Exactly as they appear, retype the lines from the one containing "Câmera IP Sem" through the final line of the data below. Leave pictures out.

COLLECTED MATERIAL
-=-=-=-=-
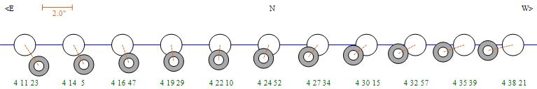 | Penumbral Start | Partial Start | Total Start | Mid-Time | Total End | Partial End | Penumbral End |
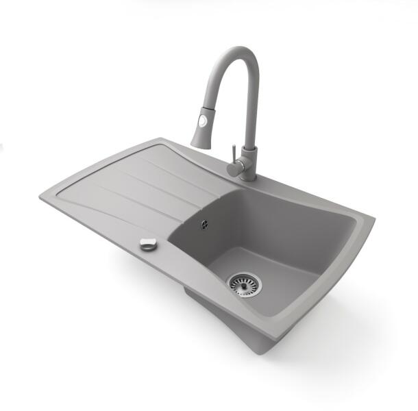 NERO Venezia gránit mosogató szürke színben. Egyedi és különleges formával tervezett egymedencés mosogató, kellően nagyméretű csepegtető résszel. A velencei gondolákat idéző, harmonikusan kialakított ívekkel a konyha esztétikus része, emellett anyagvastagságának köszönhetően rendkívül masszív konsktrukció. A mosogatón 2 lyuk található, egy a csaptelepnek és egy a
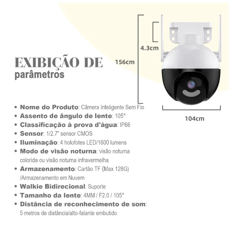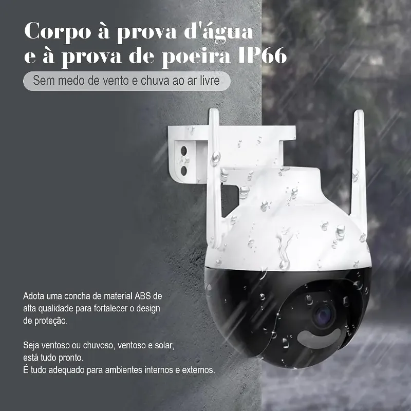 Câmera IP Sem Fio de Segurança Externa HD 4MP, WiFi, PTZ 360 Graus, Detecção de Movimento IP66
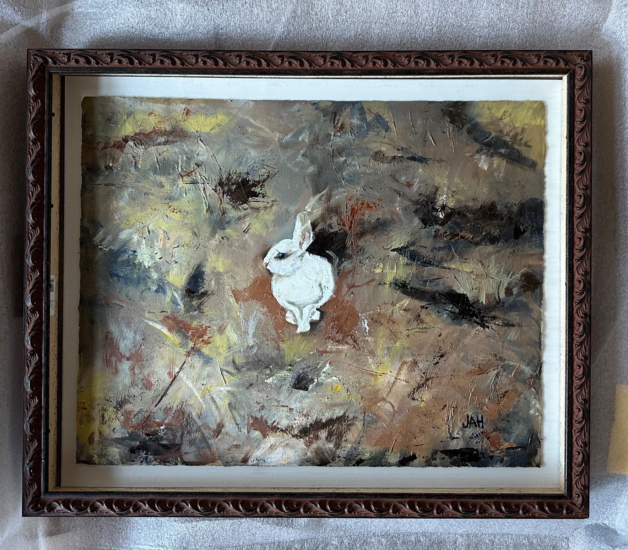 My friend had a special visitor set up home in his backyard. Dug a hole under his steps, sped around his land amongst red dirt and sagebrush. Stood out bright and white. This rabbit became his unexpected companion. Oil painting on Arches oil paper, float mounted on archival board, and framed behind UV museum quality glass and wood frame. Painting is ready to hang.
-=-=-=-=-
WRITTEN SOLUTION
 Câmera IP Sem Fio de Segurança Externa HD 4MP, WiFi, PTZ 360 Graus, Detecção de Movimento IP66
 My friend had a special visitor set up home in his backyard. Dug a hole under his steps, sped around his land amongst red dirt and sagebrush. Stood out bright and white. This rabbit became his unexpected companion. Oil painting on Arches oil paper, float mounted on archival board, and framed behind UV museum quality glass and wood frame. Painting is ready to hang.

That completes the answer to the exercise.